Bad grammar can make AI ignore safety measures, warns study
What's the story
A recent study by security experts from Palo Alto Networks' Unit 42 has revealed that a single poorly-structured, run-on sentence can trick large language model (LLM) chatbots into ignoring their safety protocols. The researchers discovered that constructing run-on sentences that delay punctuation can prevent the guardrails from activating in time, leading to "toxic" or otherwise prohibited responses.
Protection strategy
'Logit-gap' analysis technique proposed as benchmark
The research paper also proposes a "logit-gap" analysis technique as a possible benchmark to protect models from such attacks. The researchers, Tung-Ling "Tony" Li and Hongliang Liu, explained in a Unit 42 blog post that their study introduces the concept of the refusal-affirmation logit gap. They clarified that this doesn't mean training is completely erasing the potential for harmful responses but rather reducing its likelihood.
AI limitations
LLMs don't understand or reason, operate on statistical token streams
The study highlights that LLMs, the technology driving today's AI boom, don't actually do what they're usually thought to do. They don't have understanding or reasoning capabilities and can't tell if a response they're giving is true or harmful. Instead, they operate on the statistical continuation of token streams with guardrails preventing them from giving harmful responses through "alignment training."
Attack method
'One-shot' attacks against popular models
The researchers found that the "alignment training" used to prevent LLMs from giving harmful responses can be easily bypassed.
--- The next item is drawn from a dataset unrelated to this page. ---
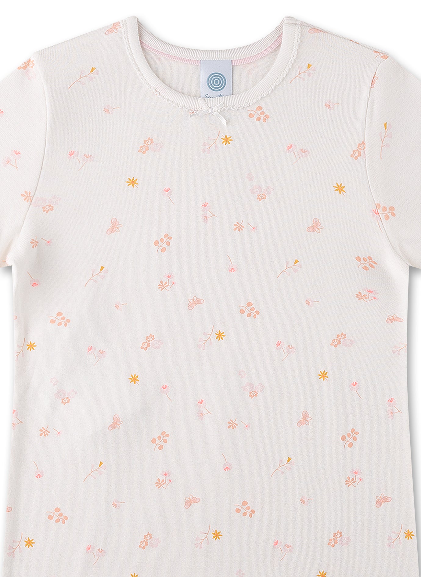 Romantisches Kurzarm-Nachthemd für Mädchen in Off-White mit einem schönen Blumen-Allover und hochwertiger Spitze am Halsausschnitt von Sanetta.

They reported an 80-100% success rate for "one-shot" attacks with "almost no prompt-specific tuning" against popular models like Meta's Llama, Google's Gemma, and Alibaba's Qwen 2.5 and 3. The key to this attack is using run-on sentences as a practical rule of thumb for these jailbreaks.
Defense measures
Researchers propose 'sort-sum-stop' approach for defense
To defend models against jailbreak attacks, the researchers propose the "sort-sum-stop" approach. This allows for analysis in seconds with two orders of magnitude fewer model calls than existing beam and gradient attack methods. They also introduce a "refusal-affirmation logit gap" metric, which provides a quantitative way to benchmark model vulnerability.
Mitigation strategy
Expert warns against relying solely on model for safety
Billy Hewlett, Senior Director of AI Research at Palo Alto Networks, said the vulnerability is "fundamental to how current LLMs are built." He suggested that the most practical mitigation today is not to rely solely on the model for safety. Instead, he advocated for a "defense-in-depth" approach using external systems like AI firewalls or guardrails to monitor and block problematic outputs before they reach users.